BOOST RealtyWorks

BOOST RealtyWorks Documentation

Usage limits & rate limiting

This page explains how BOOST tracks usage, enforces limits, and responds when you or your integrations reach the allowed thresholds for your plan.

1. Overview

BOOST uses usage-based limits to keep pricing predictable and to protect system performance. Limits apply consistently to:

  • Web app usage (running tools from the dashboard or tool pages).
  • API usage (calling tools via /v1 endpoints).
  • MCP usage (AI agents using BOOST tools through MCP).

The examples on this page are illustrative. Actual limits, thresholds, and prices are defined by your plan and billing provider. Not legal advice. Not financial advice.

2. Types of limits

BOOST may apply several kinds of limits, depending on your plan configuration:

  • Per-tool generation limits – maximum number of generations for a specific tool per billing period.
  • Total account limits – maximum number of generations across all tools per billing period.
  • Rate limits – maximum number of requests over short windows (for example, per minute) to prevent abuse or accidental overload.

These limits are intended to balance performance, fairness, and cost control, especially when multiple users or integrations share the same account.

3. Per-tool usage limits

Each BOOST tool can have its own generation allowance, depending on whether it is subscribed individually or as part of a bundle.

  • Individual tool plans may specify a limit like “up to N generations per billing period for this specific tool.”
  • Bundles may specify shared pools or per-tool caps for all tools inside that bundle (for example, higher limits for follow-up tools).
  • Custom bundles may override or supplement these defaults to match your business volume.

When a per-tool limit is reached, that tool will either soft-fail with a clear warning or hard-fail with a usage error, depending on your plan configuration.

4. Account-level usage limits

In addition to per-tool caps, your account may have aggregate limits across all tools in a billing period.
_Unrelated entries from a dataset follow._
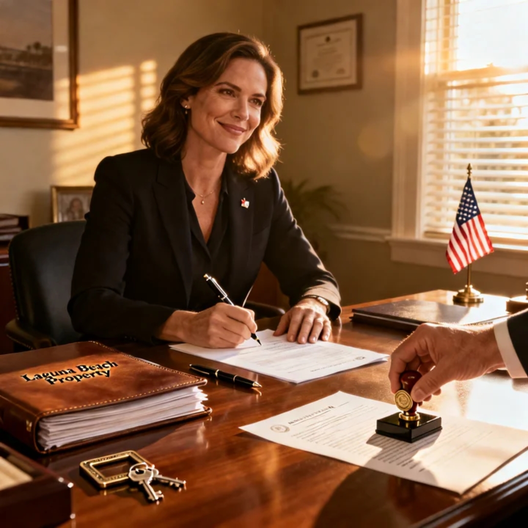 Outside the glass office windows, Los Angeles shimmered in that golden, smug afternoon light—traffic crawling on the 405, palm trees swaying like they had nothing to worry about. Inside, I sat perfectly still in a leather chair that cost more than my childhood couch, watching a stranger press my decade of sacrifice into a single red seal.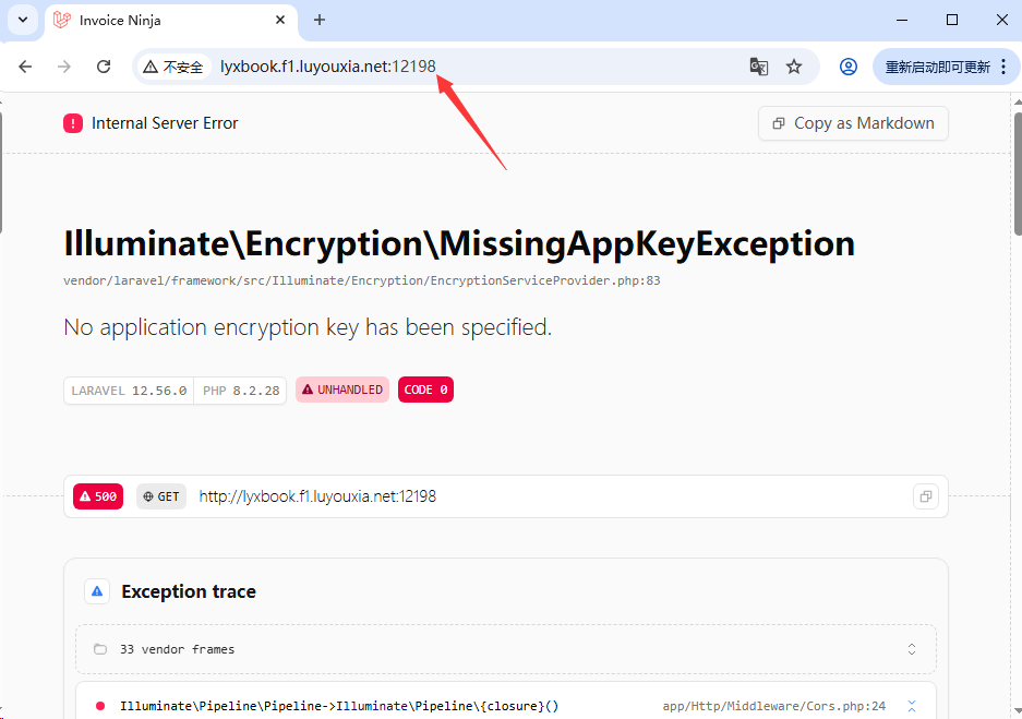 12,在外网电脑上,打开浏览器,在地址栏输入从路由侠生成的外网地址,就可以看到内网部署的 Invoice Ninja 登录界面了。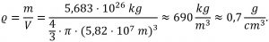 Das Volumen können wir ebenfalls gut schätzen. Wir nehmen einfach an, dass der Planet eine Kugel ist (ist er nicht ganz - da er sich dreht, ist er am Äquator etwas ausgebeult). Seinen Radius kennen wir aus Beobachtungen, damit können wir wieder das Volumen berechnen.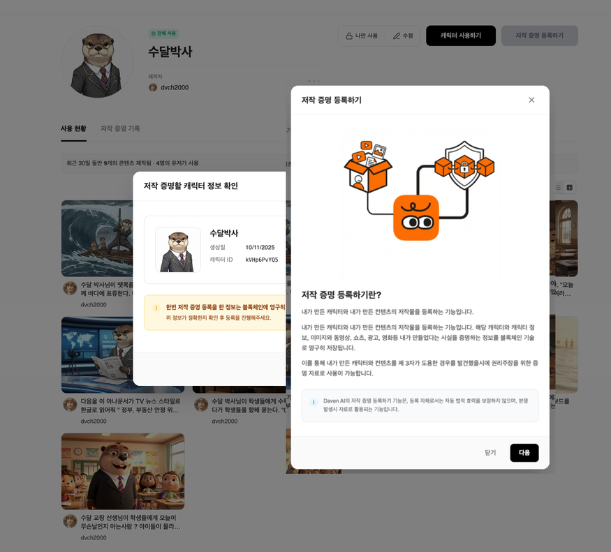 데이븐AI에 따르면 저작 증명 서비스를 이용하면 AI로 생성된 캐릭터와 콘텐츠의 원본 데이터, 생성 시점을 블록체인 네트워크에 기록해 위변조 불가능한 상태로 만들 수 있다. 데이븐AI는 저작 증명 서비스에 대해 법원에서도 인정받을 수 있는 강력한 '원작자 저작 확인' 기능을 제공한다고 설명했다.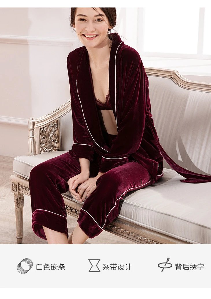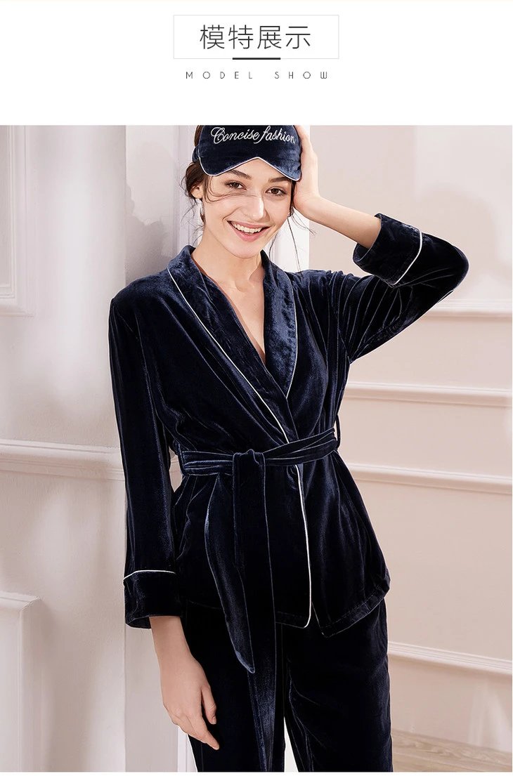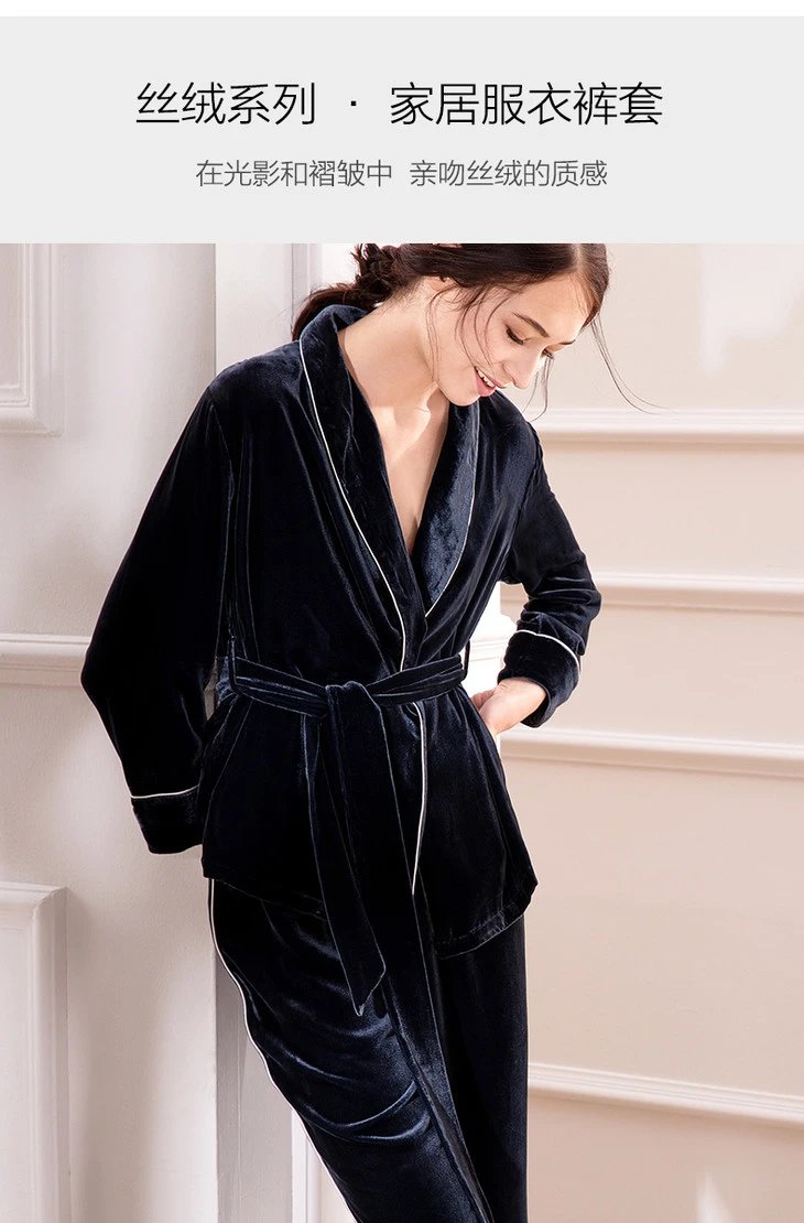 金三塔秋冬上新丝绒保暖衣裤套女长袖长裤加厚衣裤套家居服YSF8D202

  • Example: a plan might allow a combined total of all generations (listings, follow-up messages, explainers, etc.) up to a specified number per month.
  • This aggregate limit is intended to prevent unexpected overuse from multiple tools or integrations at once.
  • Account-level limits are applied no matter which interface you use (dashboard, API, or MCP).

Consult your plan details in Billing & Subscription for the actual numbers when billing is fully live.

5. Short-term rate limiting

Rate limiting protects the platform from bursts of traffic and ensures fair access across users. It is separate from monthly usage quotas.

  • Rate limits measure how many requests are made in a short time window (for example, per minute or per second).
  • Limits may differ for web usage vs. API integrations, but the principle is the same: prevent spikes that could degrade performance.
  • When rate limits are exceeded, requests are temporarily rejected with a clear error instructing you to slow down and retry later.
Representative rate limit error
{
  "error": {
    "code": "rate_limited",
    "message": "Too many requests in a short period. Please retry after a brief delay."
  }
}

6. Behavior when limits are exceeded

When a limit is reached, BOOST returns structured, machine-readable errors instead of partial or ambiguous responses. The exact behavior depends on how your plan is configured:

  • Soft cap – BOOST may warn you that you are at or near your limit while still allowing a small number of additional generations.
  • Hard cap – BOOST blocks further generations for that tool or account until the billing period resets or you upgrade your plan.
  • Rate limit exceeded – BOOST may reject only some requests in a short window, while allowing others after a delay.
Representative usage-limit error
{
  "error": {
    "code": "usage_limit_exceeded",
    "message": "Your current plan limit for this tool or account has been reached.",
    "scope": "tool-or-account",
    "plan": "example-plan-name"
  }
}

7. Monitoring your usage

BOOST is designed to show you clear, high-level usage information without requiring you to inspect raw logs.

  • The Dashboard will surface total usage and highlight tools you are using most.
  • The Billing & Subscription section will show how much of your current period’s allowance has been used.
  • API integrations can infer usage trends from responses and error codes (for example, usage-limit responses).

If your usage patterns change significantly, you may need to adjust your plan or bundle configuration so limits better match your workload.

8. Best practices for agents and teams

To avoid unexpected interruptions due to limits:

  • Use BOOST for high-value content, not endless low-impact test generations.
  • Coordinate across team members if you share a single account or workspace.
  • For API or MCP integrations, implement backoff and error-handling when you receive rate or usage-limit errors.
  • Review usage regularly and adjust your plan if you consistently hit limits.

All limits are applied on top of BOOST’s core compliance filters. Fair Housing/CREA compliant; no protected-class criteria used. Not legal advice. Not financial advice.